New Crimes and Defenses at the State Level:

  • Knowingly or Recklessly Exposing Another to the AIDS Virus - Roughly half of the states now have laws that provide penalties for knowingly exposing others to HIV. (1 - state-by-state).
  • Schemes to Defraud the Elderly - The information age has spawned more complex scams. Of course, anyone is a potential victim of consumer fraud, but elderly Americans are particularly vulnerable targets. Consumer protection laws have sprung up to counter this trend to cheat people out of their property. TPC - Special Texas Statutes That Protect Consumers From Fraud - In Texas we have specific penal statutes that protect the consumer from fraud, e.g., Deceptive Business Practices, Section 32.42 TPC; and penal statutes that protect business, e.g., forgery, Section 32.21 TPC, credit card abuse, Section 32.31 TPC, and false statement to obtain credit, Sections 32.32 TPC; misapplication of fiduciary property or property of a financial institution, including removing mortgaged property, Section 32.45 TPC. removing mortgaged property, Section 32.45 TPC; and issuing a bad check with knowledge that there are insufficient funds on account, Section 32.41 TPC ( a class C misdemeanor, irrespective of the amount of the check and without the necessity of proving intent to steal).
  • Animal Rights - The animal rights crowd are alive and well in Texas. They passed a new Cruelty to Nonlivestock  Animals in 2007, Section 42.092 TPC,  that made significant changes in Texas law. Dog fighting also got a spruce up. See Section 42.10 TPC.

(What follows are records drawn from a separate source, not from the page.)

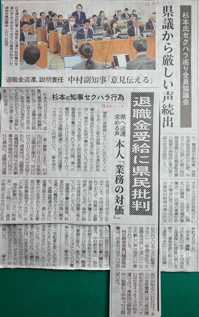 女性職員へのセクハラ事件で辞職した、杉本元福井県知事が6,162万円もの退職金を受け取ったことに、批判が集中している。
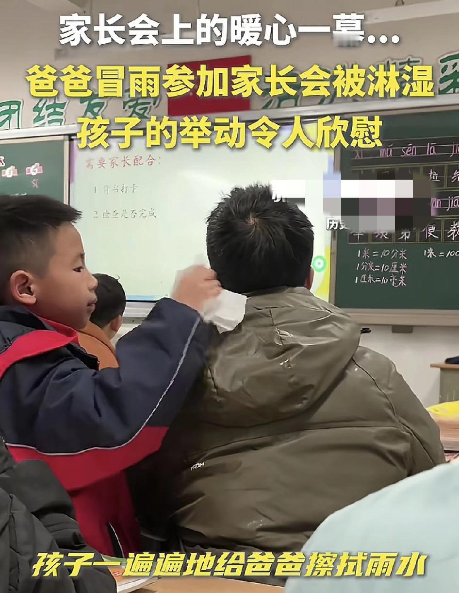 一位爸爸冒雨参加家长会,孩子看到之后,赶紧用纸巾帮忙擦掉爸爸衣服身上的雨水。就是这么简单温馨的一幕,感动了所有的网友。我想此刻爸爸的心情是非常欣慰的,在他眼里成绩已经没那么重要了。成绩优秀与否那只是一个分数,但人品的好坏将引导着人的一生。多少家长在焦虑孩子成绩的同时已经忽略掉了孩子做人的道理。
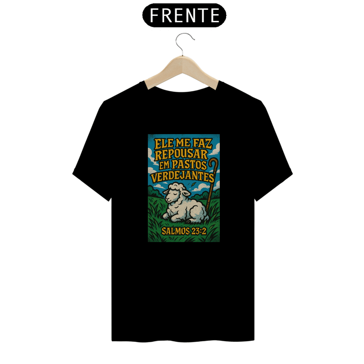 Com traços urbanos e cores vibrantes, essa estampa traz uma ovelha tranquila sob o cuidado do Bom Pastor, mesmo em meio ao caos do mundo.

The Future of Crimes and Defenses

  • A Uniform National Penal Code - How would you feel about a uniform national penal code that would supplant the various state penal codes (and ordinances) so that the law of state crimes and ordinances would not change at every state or (county/city) line as it does now?  See Logan, The Shadow Criminal Law of Municipal Governance, 62 Ohio St. L.J. 1409 (2001).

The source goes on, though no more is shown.